## Anomaly/Outlier Detection 

What Is Anomaly Detection?

Anomaly detection is a method used to detect something that doesn’t fit the normal behavior of a dataset. In other words, anomaly detection finds data points in a dataset that deviates from the rest of the data.

Those unusual things are called outliers, peculiarities, exceptions, surprise and etc.

### Different Types of Anomalies:

* Point anomalies – if a data point is too far from the rest, it falls into the category of point anomalies. The above example of bank transaction illustrates point anomalies.
* Contextual anomalies – If the event is anomalous for specific circumstances (context), then we have contextual anomalies. As data becomes more and more complex, it is vital to use anomaly detection methods for the context. This anomaly type is common in time-series data. Example – spending $10 on ice-cream every day during the hot months is normal, but is odd for the rest months.
* Collective anomalies. The collective anomaly denotes a collection of anomalous with respect to the whole dataset, but not individual objects. Example: breaking rhythm in ECG (Electrocardiogram).

### Supervised
Training data is labeled with “nominal” or “anomaly”.

The supervised setting is the ideal setting. It is the instance when a dataset comes neatly prepared for the data scientist with all data points labeled as anomaly or nominal. In this case, all anomalous points are known ahead of time. That means there are sets of data points that are anomalous, but are not identified as such for the model to train on.

Popular ML algorithms for structured data:

* Support vector machine learning
* k-nearest neighbors (KNN)
* Bayesian networks
* Decision trees

### Unsupervised
In Unsupervised settings, the training data is unlabeled and consists of “nominal” and “anomaly” points.

The hardest case, and the ever-increasing case for modelers in the ever-increasing amounts of dark data, is the unsupervised instance. The datasets in the unsupervised case do not have their parts labeled as nominal or anomalous. There is no ground truth from which to expect the outcome to be. The model must show the modeler what is anomalous and what is nominal.

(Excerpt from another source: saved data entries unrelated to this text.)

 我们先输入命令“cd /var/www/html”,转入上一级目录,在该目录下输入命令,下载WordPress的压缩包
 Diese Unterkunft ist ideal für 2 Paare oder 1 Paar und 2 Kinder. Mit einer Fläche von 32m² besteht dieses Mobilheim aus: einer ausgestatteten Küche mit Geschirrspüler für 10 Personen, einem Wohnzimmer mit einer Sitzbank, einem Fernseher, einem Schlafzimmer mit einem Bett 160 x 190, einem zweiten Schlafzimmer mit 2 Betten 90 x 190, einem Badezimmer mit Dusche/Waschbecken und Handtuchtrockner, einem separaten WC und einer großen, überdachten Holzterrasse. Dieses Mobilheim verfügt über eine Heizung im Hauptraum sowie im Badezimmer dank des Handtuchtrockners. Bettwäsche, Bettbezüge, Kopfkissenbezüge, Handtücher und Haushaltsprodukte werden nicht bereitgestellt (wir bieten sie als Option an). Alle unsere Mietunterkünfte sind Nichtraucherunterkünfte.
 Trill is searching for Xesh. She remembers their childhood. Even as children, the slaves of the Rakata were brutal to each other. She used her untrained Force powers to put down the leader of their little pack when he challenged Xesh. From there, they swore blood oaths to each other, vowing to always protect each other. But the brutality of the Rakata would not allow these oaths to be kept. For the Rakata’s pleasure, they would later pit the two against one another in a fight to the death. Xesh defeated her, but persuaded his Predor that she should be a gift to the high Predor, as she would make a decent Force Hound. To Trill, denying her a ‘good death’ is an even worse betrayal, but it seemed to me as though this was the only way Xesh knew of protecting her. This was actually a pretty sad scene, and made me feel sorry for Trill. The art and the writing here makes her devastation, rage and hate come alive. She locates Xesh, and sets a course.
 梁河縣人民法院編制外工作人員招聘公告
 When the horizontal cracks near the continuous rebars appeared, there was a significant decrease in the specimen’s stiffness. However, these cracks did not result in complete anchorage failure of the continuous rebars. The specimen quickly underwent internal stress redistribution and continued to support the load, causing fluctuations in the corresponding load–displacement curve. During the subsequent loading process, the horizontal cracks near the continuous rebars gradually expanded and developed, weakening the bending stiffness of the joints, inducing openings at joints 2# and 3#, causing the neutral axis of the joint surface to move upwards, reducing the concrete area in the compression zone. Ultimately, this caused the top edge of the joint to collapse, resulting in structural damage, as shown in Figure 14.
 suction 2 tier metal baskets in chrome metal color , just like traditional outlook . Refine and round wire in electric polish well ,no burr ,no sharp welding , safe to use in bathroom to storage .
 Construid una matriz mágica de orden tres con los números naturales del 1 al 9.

<i>“The most common tasks within unsupervised learning are clustering, representation learning, and density estimation. In all of these cases, we wish to learn the inherent structure of our data without using explicitly-provided labels.”- Devin Soni</i>

Popular ML Algorithms for unstructured data are:

* Self-organizing maps (SOM)
* K-means
* C-means
* Expectation-maximization meta-algorithm (EM)
* Adaptive resonance theory (ART)
* One-class support vector machine

Let’s see the some of the most popular anomaly detection algorithms.

1. K-nearest neighbor: k-NN

k-NN is one of the simplest supervised learning algorithms and methods in machine learning. It stores all of the available examples and then classifies the new ones based on similarities in distance metrics.

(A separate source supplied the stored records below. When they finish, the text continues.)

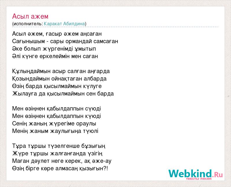 Асыл әжем, ғасыр әжем аңсаған Сағынышым - сары ормандай самсаған Әке болып жүргенімді ұмытып Әлі күнге еркелеймін мен саған Құлыңдаймын асыр салған аңғарда Қозындаймын ойнақтаған албарда Өзің барда қысылмаймын күлуге Жылауға да қысылмаймын сен барда Мен өзіңнен қабылдаппын сүюді Мен өзіңнен қабылдаппын күюді Сенің жаның жүрегіме ораулы Менің жаным жаулығыңа түюлі Тұра тұршы түзелгенше бұзығың Жүре тұршы жалғанғанда үзігің Маған дәулет неге керек, ақ әже-ау Өзің бірге көре алмасаң қызығын?!
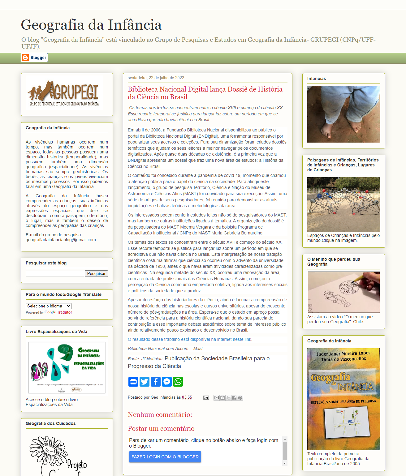 Geografia da Infância (blogue) - MAST participa da criação do dossiê de História da Ciência para a Biblioteca Nacional
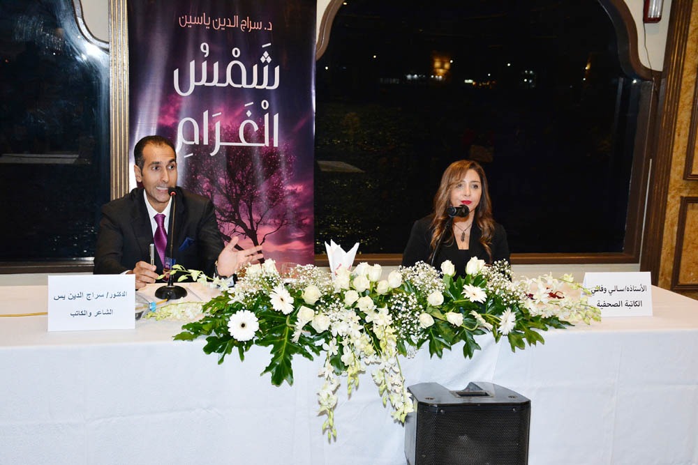 شارك عدد من الإعلاميين وزوجات السفراء والمشاهير، في الاحتفال بتوقيع أحدث ديوان للدكتور سراج الدين ياسين، وذلك بأحد المراكب النيلية بالزمالك.
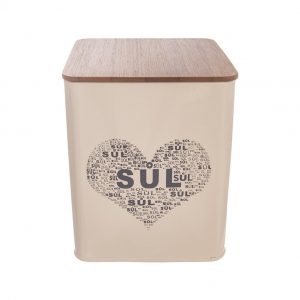 Plechová dóza hranatá s dreveným viečkom slúži na uloženie cukru, …
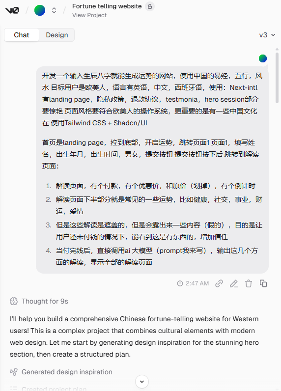 完成度蛮高了,ui部分大概2次对话,我自己感觉能有60%的完成度了,基本上可以用v0来完成前端,ui部分的开发
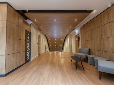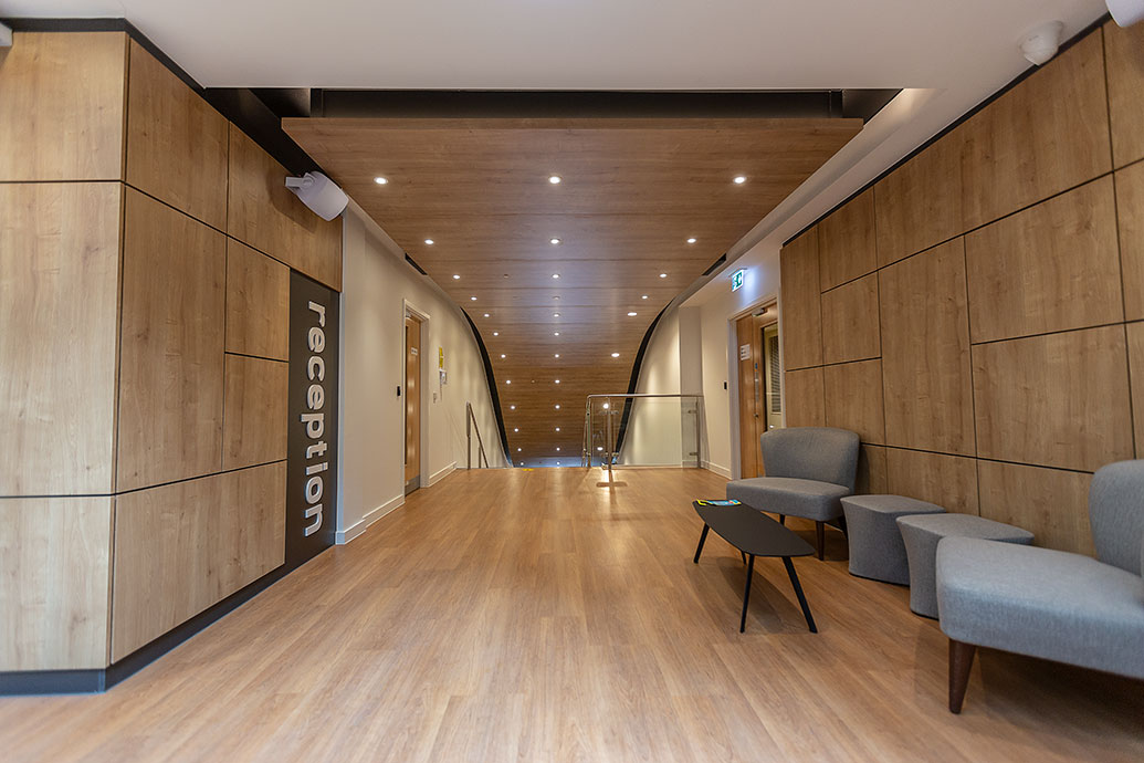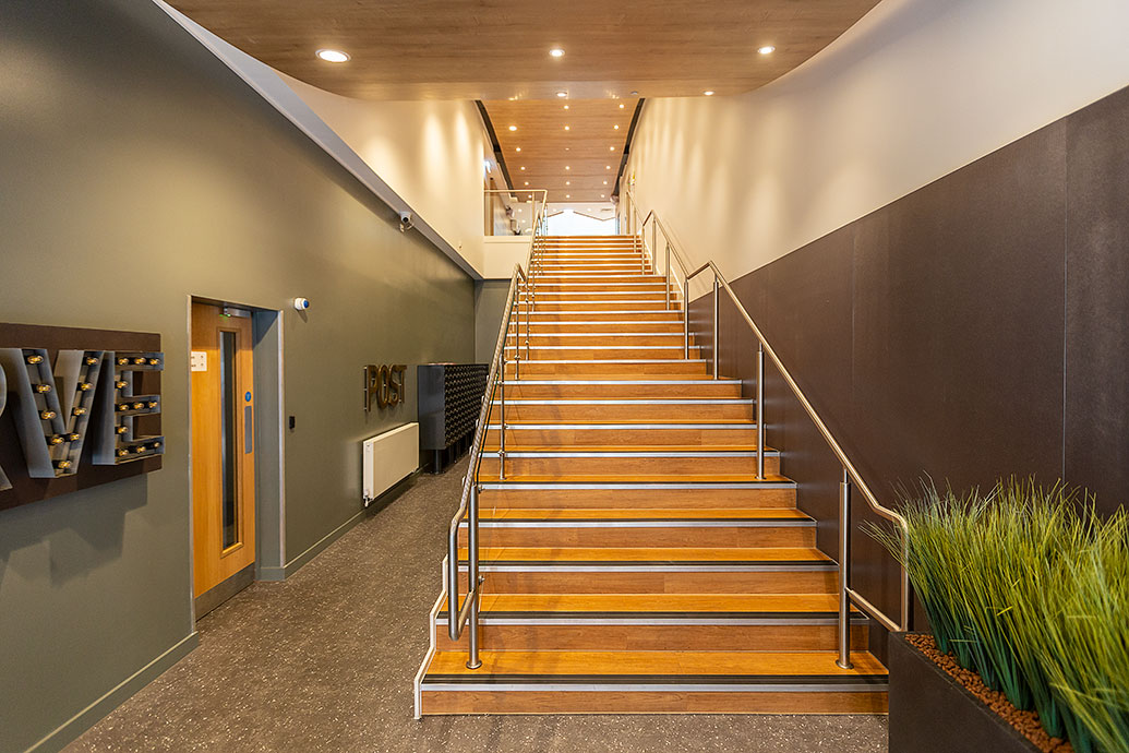 Chosen for the choice of coloured bezels it offers, which matched the architect’s requirements, 240 of Dextra’s Protec Fire Rated Downlight were installed in the entrance way to the building as well as the first-floor communal areas and cinema room. The Protec Fire Rated Downlight has been developed to offer customers a high-quality LED alternative to the traditional GU10 downlighter and incorporates the latest chip on board LED technology. This fixed position variant is both IP65 and fire rated.
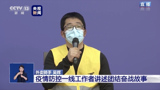 1月26日,吳輝接到一單跑腿幫送,備注里寫著:“媽媽做的飯給爸爸送去,爸爸是前線醫(yī)生,辛苦外賣小哥了。”那一刻,吳輝想要流淚。

k-NN is a famous classification algorithm and a lazy learner. What does a lazy learner mean?

K-nearest neighbor mainly stores the training data. It doesn’t do anything else during the training process. That’ s why it is lazy.

k-NN just stores the labeled training data. When new unlabeled data arrives, kNN works in 2 main steps:

Looks at the k closest training data points (the k-nearest neighbors).
Then, as it uses the k-nearest neighbors, k-NN decides how the new data should be classified.
How does k-NN know what’s closer?

It uses density-based anomaly detection methods. For continuous data (see continuous vs discrete data), the most common distance measure is the Euclidean distance. For discrete data, Hamming distance is a popular metric for the “closeness” of 2 text strings.

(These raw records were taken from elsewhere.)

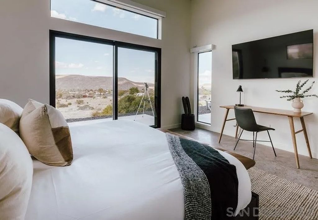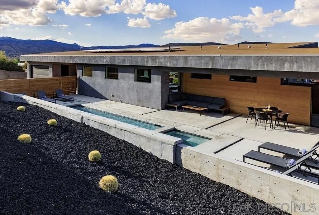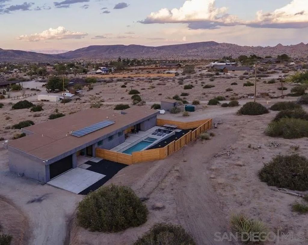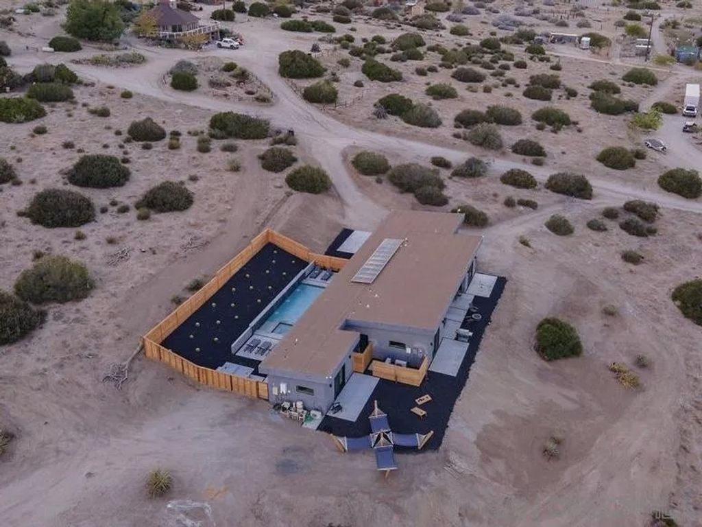 A new modern home perched on a peaceful hill looking over Pioneertown! This prime location allows you to hop over to Pappy and Harriet's and see a concert or grab dinner! If you are looking to Visit Joshua Tree, the park entrance is only a 20 minute drive. However, with a pool, hot tub, custom hammocks, firepit, games, multiple outdoor areas, this home has everything you need for a peaceful home.
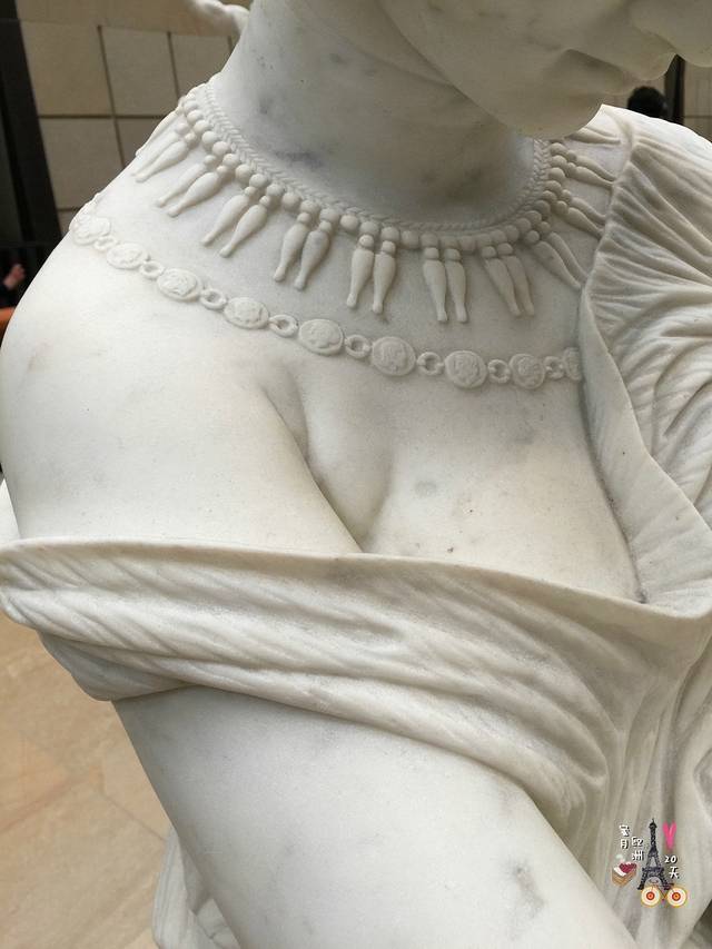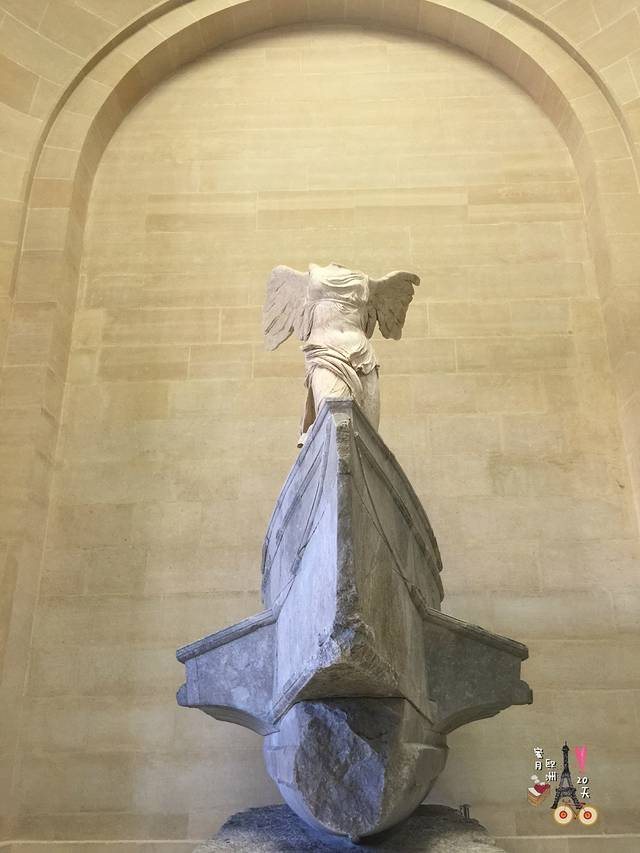 这可是古希腊时期留存下来稀世珍宝,据说是公元前200年的作品,经历了战争灾难,碎掉又被重新修复才得以重新站立起来。她的双翅中只有左边的保存下来,右翅是左翅的石膏复制。
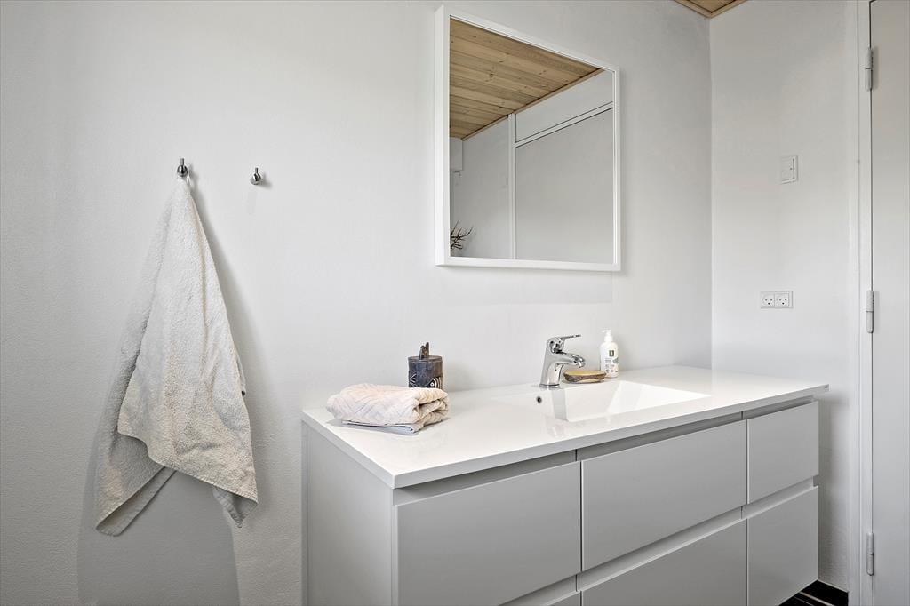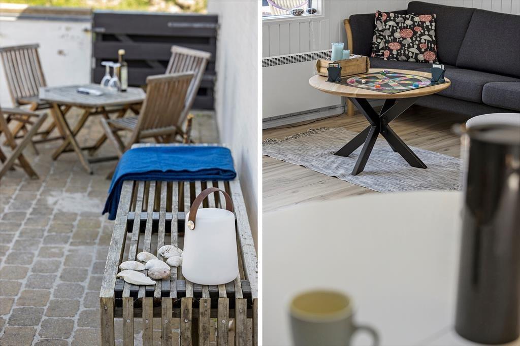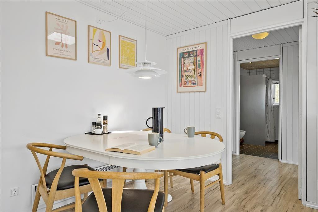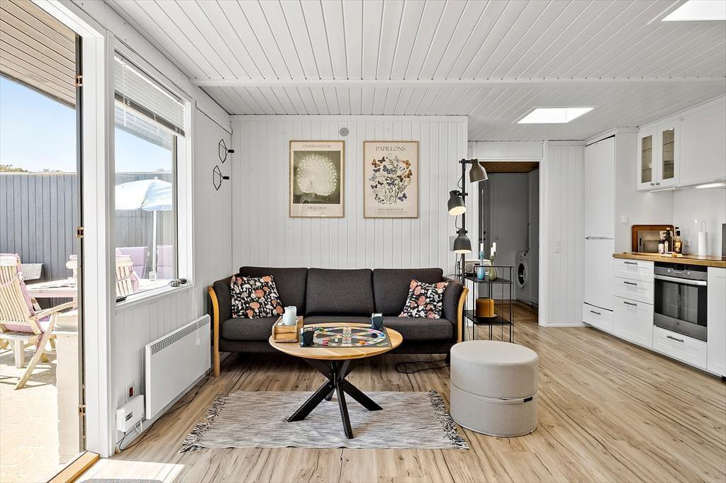 Når I træder indenfor i dette hyggelige sommerhus, vil I straks mærke den varme og indbydende stemning. De store vinduespartier lader lyset strømme ind og giver en fantastisk udsigt til den omkringliggende natur. Stuen er rummelig og indrettet med komfortable møbler, hvor I kan slappe af foran brændeovnen på kølige aftener eller nyde en god film. Køkkenet er åbent og veludstyret, hvilket gør det nemt at tilberede lækre måltider med lokale råvarer. I det lyse soveværelse og den hyggelige alkove er der plads til både par og små familier, der ønsker en afslappende ferie med fokus på hygge og nærvær.

The pick of distance metric depends on the data.

The k-NN algorithm works very well for dynamic environments where frequent updates are needed. In addition, density-based distance measures are good solutions for identifying unusual conditions and gradual trends. This makes k-NN useful for outlier detection and defining suspicious events.

k-NN also is very good techniques for creating models that involve non-standard data types like text.

k-NN is one of the proven anomaly detection algorithms that increase the fraud detection rate. It is also one of the most known text mining algorithms out there.

It has many applications in business and finance field. For example, k-NN helps for detecting and preventing credit card fraudulent transactions.

2. Local Outlier Factor (LOF)

The LOF is a key anomaly detection algorithm based on a concept of a local density. It uses the distance between the k nearest neighbors to estimate the density.

LOF compares the local density of an item to the local densities of its neighbors. Thus one can determine areas of similar density and items that have a significantly lower density than their neighbors. These are the outliers.

To put it in other words, the density around an outlier item is seriously different from the density around its neighbors.

That is why LOF is called a density-based outlier detection algorithm. In addition, as you see, LOF is the nearest neighbors technique as k-NN.

LOF is computed on the base of the average ratio of the local reachability density of an item and its k-nearest neighbors.

3. K-means

K-means is a very popular clustering algorithm in the data mining area. It creates k groups from a set of items so that the elements of a group are more similar.

Just to recall that cluster algorithms are designed to make groups where the members are more similar. In this term, clusters and groups are synonymous.

In K-means technique, data items are clustered depending on feature similarity.

One of the greatest benefits of k-means is that it is very easy to implement. K-means is successfully implemented in the most of the usual programming languages that data science uses.

If you are going to use k-means for anomaly detection, you should take in account some things:

The user has to define the number of clusters in the early beginning.
k-means suppose that each cluster has pretty equal numbers of observations.
k-means only work with numerical data.
Is k-means supervised or unsupervised? It depends, but most data science specialists classify it as unsupervised. The reason is that, besides specifying the number of clusters, k-means “learns” the clusters on its own. k-means can be semi-supervised.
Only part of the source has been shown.